Member of the British Parliament for Tewkesbury
- In office 1776–1807

Personal details
- Born: 4 June 1738
- Died: 26 January 1810 (aged 71)
- Spouse: Penelope Skipp ​(m. 1774)​
- Parents: John Martin (father); Catherine Jackson (mother);

= James Martin (1738–1810) =

British banker and politician

James Martin (1738–1810) was a British banker and politician who sat in the House of Commons for 31 years from 1776 to 1807.

Martin was the third son of John Martin MP banker, of Overbury and Lombard Street and his wife Catherine Jackson, daughter of Joseph Jackson of Sneyd Park, Gloucestershire. He was born on 4 June 1738 and was educated by Rev. Matthew Bloxam, vicar of Overbury and Rev. James Graham, of Hackney. On leaving school he entered the family banking house. He married Penelope Skipp, daughter of Joseph Skipp of Upper Hall, Ledbury, Herefordshire on 17 February 1774.

Martin was elected Member of Parliament for Tewkesbury in a by-election on 8 April 1776 following the death of his brother Joseph. He "acquired a reputation for his scrupulously independent attitude".
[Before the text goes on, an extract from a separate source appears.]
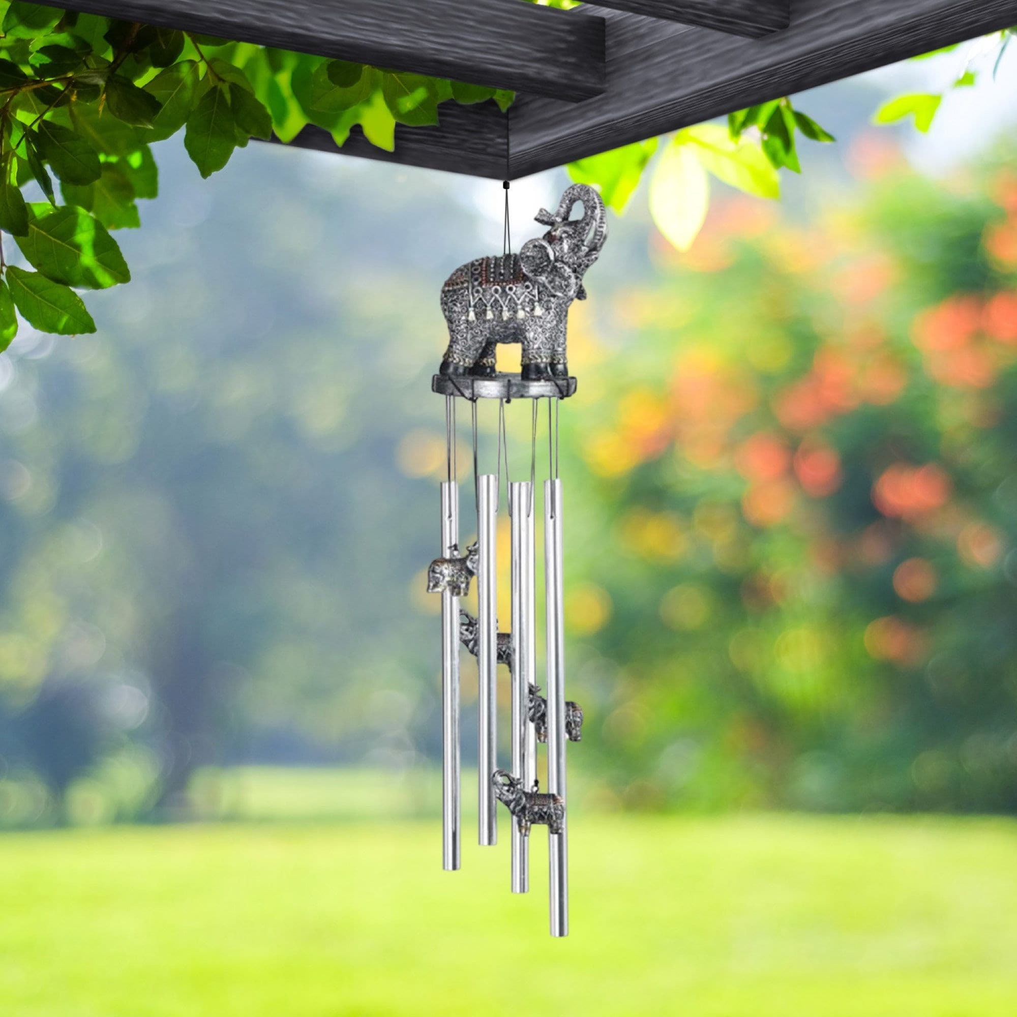 23" Long Thai Elephant with Trunk Up Round Top Wind Chime Statue Fantasy Decoration Room/Home Decor New Home Gifts
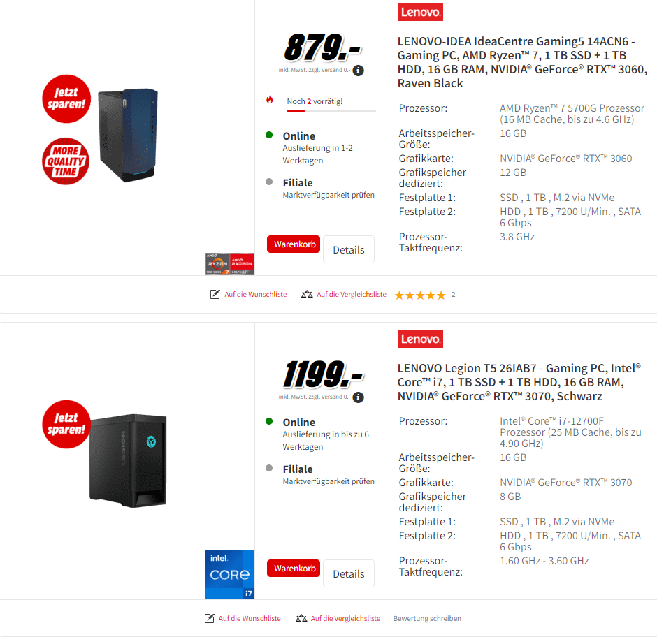 Lenovo Spartage bei MediaMarkt - Gaming-PCs mit RTX 3060 und 3070 Grafikkarten zu Sonderpreisen

Martin was returned unopposed for Tewkesbury in the 1780 general election. He acquired the nickname Starling Martin after condemning Fox's India bill on 1 December 1783 by saying he "wished there were a starling to perch on the Speaker's chair and repeat incessantly 'disgraceful, shameless Coalition'".

By 1790, Martin was head of the family bank in London. He was returned unopposed in 1790 but there was a contest in 1796. He was returned unopposed in 1802. He was considering retiring before the next election, but in 1806 he stood again and was returned unopposed. He retired in 1807, intending for his eldest son John to take his seat, but John was not successful in the election.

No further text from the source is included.